Our next stop was two islands in the south of Thailand. We flew from Manila to Bangkok and took a night train that evening to the Ranong Province. From there we took a mini van, sonthaew, and boat and finally arrived at the beautiful Koh Phayam on the Andaman Coast.
Keith originally found the island on his relentless search for surfing, and after my cousins endorsed it, we were sold. Since it was monsoon season, we were two of about 30 tourists on the island. Many were staying for long periods, attempting to outlast the monsoon. Unfortunately that meant that many of the shops, restaurants and massage places were closed, but it also meant our beach and resort that were practically private. We stayed at Bamboo Bungalows on Ao Yai in a bungalow that is normally 1,800 baht ($60) in high season but was 500 baht ($17). It was spacious with a private attached outdoor shower and toilet, a nice porch with two comfy chairs and a hammock. It was lovely!
This week was meant as recovery for me after my race, so we took it quite easy. Leisurely breakfasts, followed by some surfing (mostly Keith), maybe a walk on the beach, some exploring on a motor bike, lunch in the village and beers on the beach watching the sunset. Of course we were loving the food after such a bland month in the Philippines and enjoyed trying all sorts of different dishes. There was only electricity from about 6pm onwards which added to the rustic/resting vibe of it all.

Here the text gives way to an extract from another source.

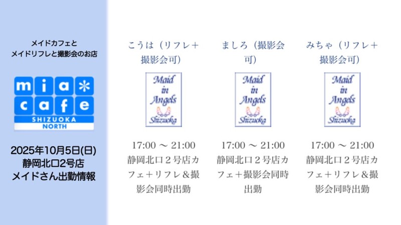 | 営業時間 | 静岡店は出勤スタッフがいれば営業です! 基本的に 12時~22時が営業時間です! ●静岡店のツイッター @shizuokamaidsan https://twitter.com/shizuokamaidsan ●ミア静岡店の営業曜日&営業時間● ☆月〜木 14:00〜22:00(最終受付20:00) ☆金曜日 12:00〜22:00(最終受付21:00) ☆土・日・祝 12:00〜22:00(最終受付21:00) 営業時間外はオンライン予約にてお願いいたします。 PC・携帯共通 → http://m-kanzume.moo.jp/yoyaku2/user.cgi ●ミアガイド出勤状況● スマホ・PC → 後日公開予定 ★静岡店スタッフによるミア甲府店でのメイドカフェリアル営業★ ☆不定期 サイトにてご確認ください。 http://market.chu.jp/schedule1/sche37.cgi | ||||||||||||||

I got a little obsessed with shells and spent one afternoon collecting them. I’m currently carrying about 3-5lbs of them around with me. Can’t wait to have them in awesome bowls at our new house in Victoria. And I’m hoping that Victoria has a beach where I can collect more! They are so pretty!!!
It rained a few days forcing even more rest and reading, but leaving us lots of time to research where we would go next. Instead of going straight to Bangkok to get our Vietnamese visas, we decided to take a detour to the Gulf Coast to visit the island of Koh Tao. Koh Tao is a diving centre, but there is also good snorkeling.
It was crazy hot while we were there, and we weren’t staying in a place with aircon. The first day we explored the island on bikes, stopping here and there to take pictures. We were especially intrigued by the giant rocks that were sporadically throughout the island with nowhere to have fallen from.
We signed up for a day long snorkeling tour and were not disappointed. Within 10 seconds of jumping in the water at our first stop we saw a four foot long reef shark. Of course that got our hopes up for more sharks, which we didn’t see, but the underwater wildlife was fascinating. It was my first time doing anything like that and the diversity along with the plethora of colours blew my mind. Unfortunately my sunscreen couldn’t keep up with the ocean and I ended up with a sun burn on the backs of my legs (I had a life jacket on for most of it covering my back), which annoyed me because of how hard I try not to get burned. I’m a big whiny baby with sun burn. Luckily that didn’t set in until we were back at the hotel, so I was able to enjoy the day. I’ve decided that life above water is MUCH more bland than below! (Cue Under the Sea from the Little Mermaid).
The next couple days we just relaxed trying to keep cool. We got thai massages, ate delicious food and ‘used the internet’ aka paid to sit in aircon for a few hours. I went for a run one day that ended up being more of a walk. There are super steep hills on the island and the heat pretty much slowed me to a crawl. I kept having to stop and sit down in the shade. Although eventually I did make it up to the top and it was a great view from the top (unfortunately my pictures from that are on a different memory card so I can’t post them).
On Sunday we caught an afternoon boat off the island to headed back to Bangkok on a night train. Before the train we hit our first night market, gorging on the delicious street food that the people of Champhun had to offer to put us into a food coma in order to get a great sleep on the train!